Jaben and Banks both think the lingering effects of disinformation campaigns have left some people reticent when it comes to the vaccine — which has also bared out recently in the reduction of parents who are inoculating their children against measles. There have been myriad conspiracy theories regarding everything from the COVID vaccine’s efficacy to side effects even to its intended purpose — some still believe the vaccine is a form of population control. Jaben said only one thing he’s heard from these groups has proven true — the vaccine can cause myocarditis in young males; however, he added that people with COVID are still five times more likely to get myocarditis than those who receive the vaccine.

Myocarditis is an inflammation of the heart muscle usually associated with a viral infection.

When it comes to the continued hold disinformation maintains over some people, Banks said the specific thing that irks her has been the continued belief that the vaccine is intended to prevent any illness, so any time someone who’s been vaccinated becomes infected, people can point to those cases and say the vaccine doesn’t work at all. 

“The vaccine has never been about preventing any illness; it’s about preventing serious illness,” she said. “No vaccine has ever been designed to guarantee you won’t get an illness. That’s why we are seeing a resurgence of vaccine-preventable illness, because the lack of vaccine uptake.” 

But Banks said the biggest factor may simply be “COVID fatigue.” 

“If they got COVID after they were vaccinated and they did well, some people felt like they had enough coverage at that point, but the people who had the same outcome without the vaccine feel the same way, as though the vaccine wasn’t necessary,” Banks said.

Jaben said that while the new JN-1 strain may necessitate a new COVID booster, he noted that it isn’t causing serious illness as frequently in people who have the latest booster onboard. However, it is still highly transmissible, so even if someone feels confident in their ability to stave off serious infection, they can still pass it on to someone who is at higher risk.

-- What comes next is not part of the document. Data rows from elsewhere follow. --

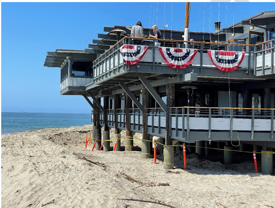
Figure 11: The Santa Barbara Yacht Club is elevated on pilings to accommodate some wave run-up and flooding. However, it still experienced structural damage from large waves in January 2023.

Accommodation strategies use methods that modify existing structures or design new structures to withstand some degree of inundation, wave impacts, or rising sea levels. These strategies can allow structures to remain in hazard-prone areas but reduce their vulnerabilities. This may include elevating buildings with pilings or stilts, flood-proofing structures, using stronger and corrosion-resistant materials, or improving the drainage of floodwaters. At ports, marinas, and harbors, this could include elevating docks, raising guide piles, and flood-proofing any at-risk asset. Flood-proofing often includes the use of 'flood-resistant' materials, like brick or stone, that can withstand direct or prolonged floodwaters without significant damage. After hard armoring, accommodation strategies are the most widely used adaptation strategies to-date (Glavovic, et al., 2022).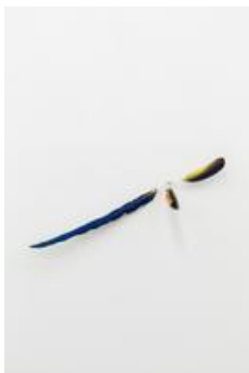
Natalie Häusler The Bird , 2017 Parrot feathers, clockwork approx.: ø 60 cm (ø 23 5/8 inches) Edition 1/3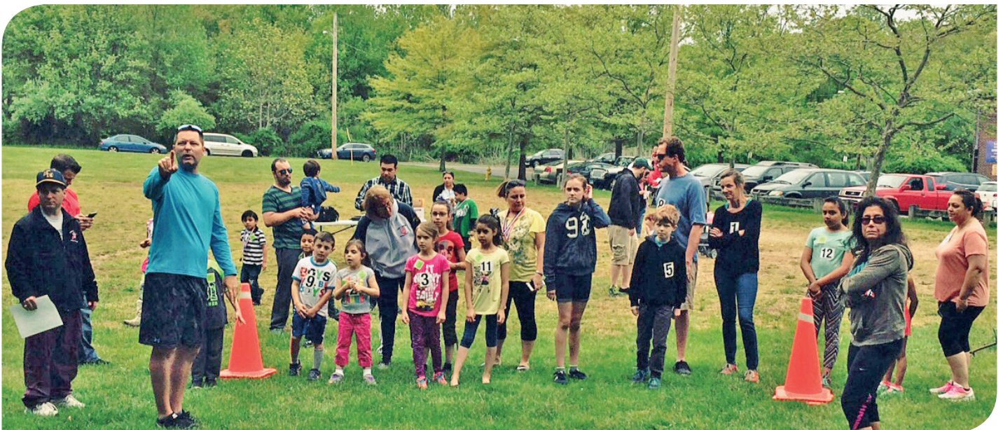
SGT volunteers helped organize Kids Challenge 2016 to promote health and wellness in the East Haven community.

As usual, all of the progress we've made is the result of the tireless work of our volunteers, the encouragement and support of our town and state-government partners, and the generosity of our donors. We can't thank them enough.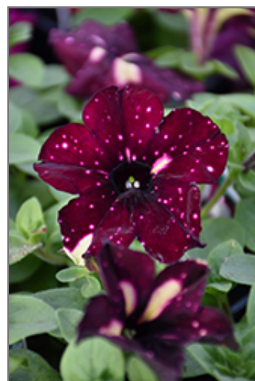
Headliner Starry Sky Burgundy Petunia flowers

10300 E. 9000 N Road Grant Park, IL 60940 Phone: 1-815-465-6310 Fax: 1-815-465-6396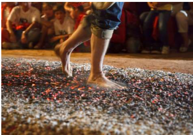
Tradicional Paso del Fuego en San Pedro Manrique, Soria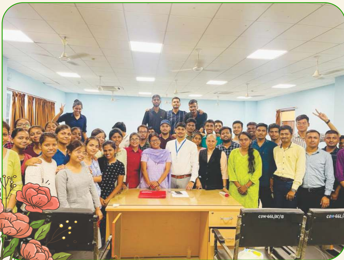
Teachers' day celebration, College of Nursing, SGPGI

In India, the birthday of the second president Sarvepalli Radhakrishnan, 5 th September, is celebrated as Teachers' Day since 1962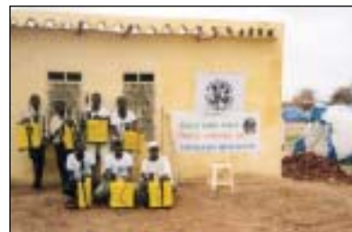
Sanitation Team with insecticide pumps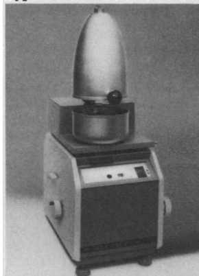
Precision Balance Type MPR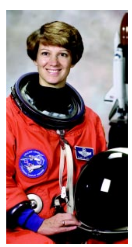
Lt. Col. Eileen Collins, first woman to pilot a US spaceship and first female to command a space shuttle.

Oct. 1, 2001. Control of the Space and Missile Systems Center, Los Angeles AFB, Calif., shifts from Air Force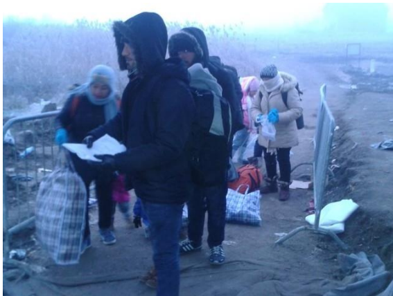
Documentation of new arrivals checked at the Border Police point at Tabanovce/Miratovac, Miratovac (Serbia), ©UNHCR, 28 January 2016

1,836 refugees and migrants were assisted at the Miratovac Refugee Aid Point (RAP) upon arrival from fYRo Macedonia. Arrivals were slowed down during the night and resumed in the early morning.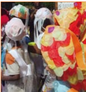
School carnival parade

sense of achievement when the performance took place.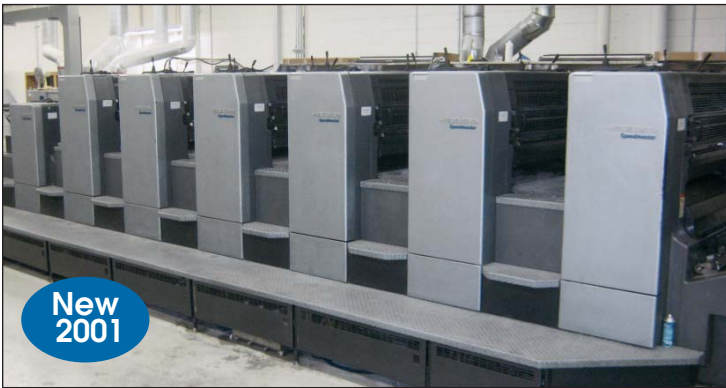
Heidelberg CD102 6+LX, 6/C Printing Press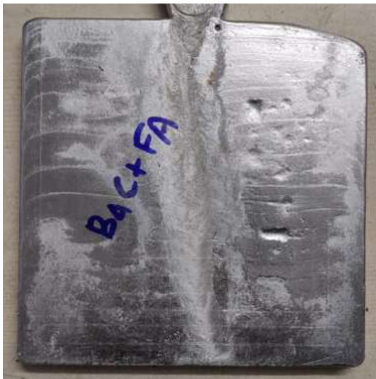
Fig. 2. Experimental Material Composite Material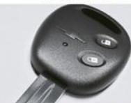
Engine Immobilizer with Remote Keyless Central Door Locking: For enhanced security of your car.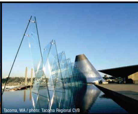
Tacoma, WA

Vote for your favorite arts destination!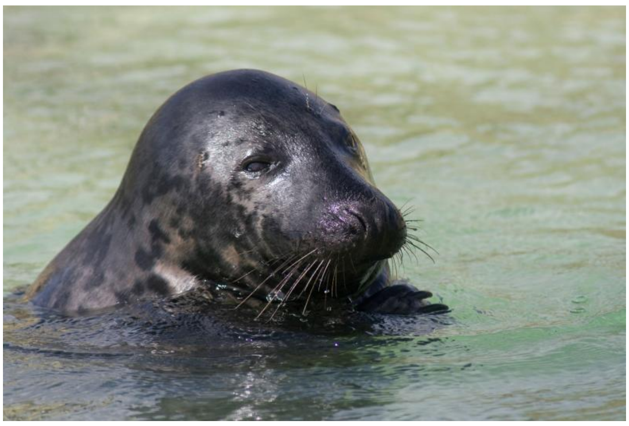
Ignorant of borders: The grey seal, extinct for centuries, returned to the Wadden Sea in 2007.

Slowly capacity and regime building processes began. In 1965 the interdisciplinary International Wadden Sea Working Group was formed to coordinate the research and collect data; in 1978 the three nations involved pursued a common conservation policy; in 1982 a Joint Declaration was signed; and in 1987 a common secretariat established in Wilhelmshaven (Germany).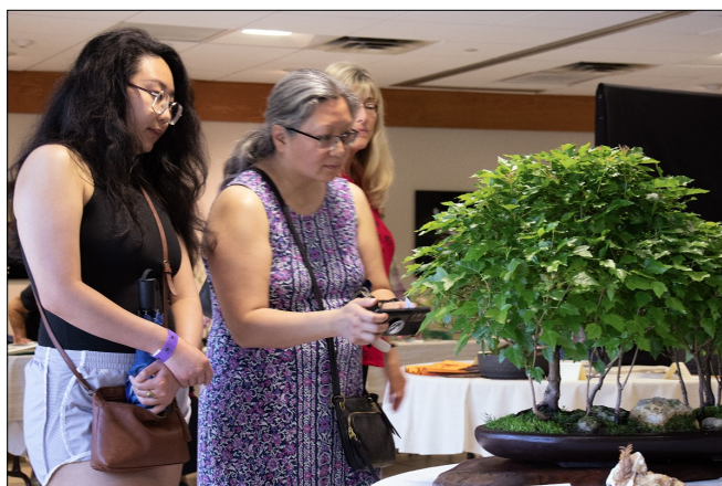
Recording the details.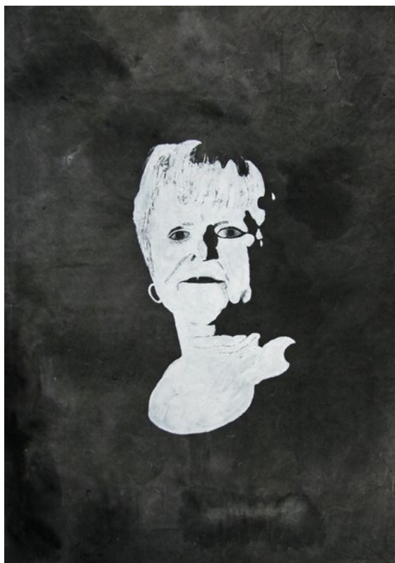
September 2001 The Father House ink and acrylic on paper 53x76cm 2008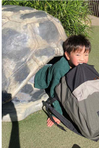
Coming out of his shell

their animal's natural behaviours and exceptional senses. We then visited Melbourne Zoo to observe and understand what enrichment was currently being used around the zoo. Then it was back to school to develop the Juniors' ideas into prototypes and to produce their final product before filming short presentation videos for the zoo keepers to give feedback on.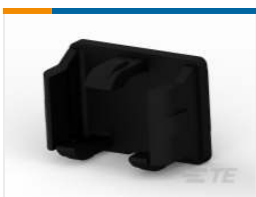
TE Part # 1367147-1 SFP COVER, UNPLATED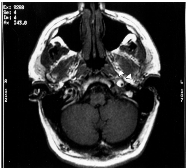
Fig. 1. T1-weighted magnetic resonance imaging scan showing an abnormal flow pattern consistent with dissection of the left internal carotid artery (arrow).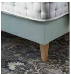
Special sizes and zip & link beds and mattresses available on request. Please ask for more details.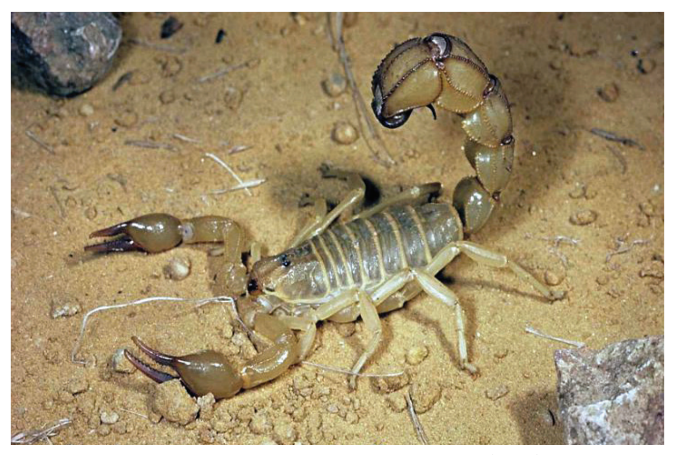
Figure 5. Androctonus australis, a very dangerous scorpion species, described for the first time in Mali (Gao district). This species requires a minimal hygrometry, and its presence is very likely along the river Niger towards other countries (Niger).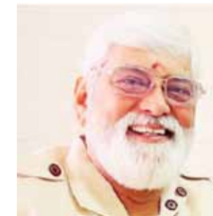
FW DESK New Delhi

The consensus is that, like other years, 2024 will bring waves of COVID, and considering vaccines wane over time, Jaben said it’s best for people to ensure they are up on the latest booster. The FDA committee that handles those vaccines is supposed to meet in February, Jaben said, and if a new booster that’s tailored to prevent serious illness from JN-1 is approved, he recommends getting it as soon as possible.

“This most recent vaccine will add to the effectiveness of that ‘covid wall,’” Jaben said.

Another treatment that has proven successful for some who are at risk of serious illness has been Paxlovid, but Jaben said that works best if taken as soon as infection is suspected. Because the antigen tests aren’t always able to pick up illness until days after symptoms start, that can be difficult. In addition, Jaben said the medication can interact with many others, making it tough to prescribe for everyone. He said the key is to focus on prevention and mitigation in ways people can control.

Banks and Jaben both said that whenever symptoms begin, even if a person thinks it’s just a cold or allergies or some other “garden-variety illness,” as Jaben called it, they should take precautions as though it may be COVID or the flu, because by the time symptoms become more severe, infection may have already spread to others.

“There’s no way to really tell if you’re sick with COVID or the flu,” Jaben said. “Don’t write it off as allergies or a cold and then pass it on to someone who’s sensitive, because we are having people dying in our community.”

Even if people are healthy and have fared well with the virus before, Banks recommends taking whatever precautions they can, because serious illness or long COVID are still occurring from time to time even in younger, less vulnerable populations.

“What I tell my staff and my family is wash your hands first and foremost,” she said. “We know that washing your hands the single best way to stop the spread of germs.”

Although the latest surge has waned, Banks and Jaben warn that the same guidance will continue to apply, especially since the one guarantee is that there will be more surges.

“COVID hasn’t gone away,” Banks said. “It is still here, and respiratory illness is very, very high in our community right now, and people are getting severely ill.”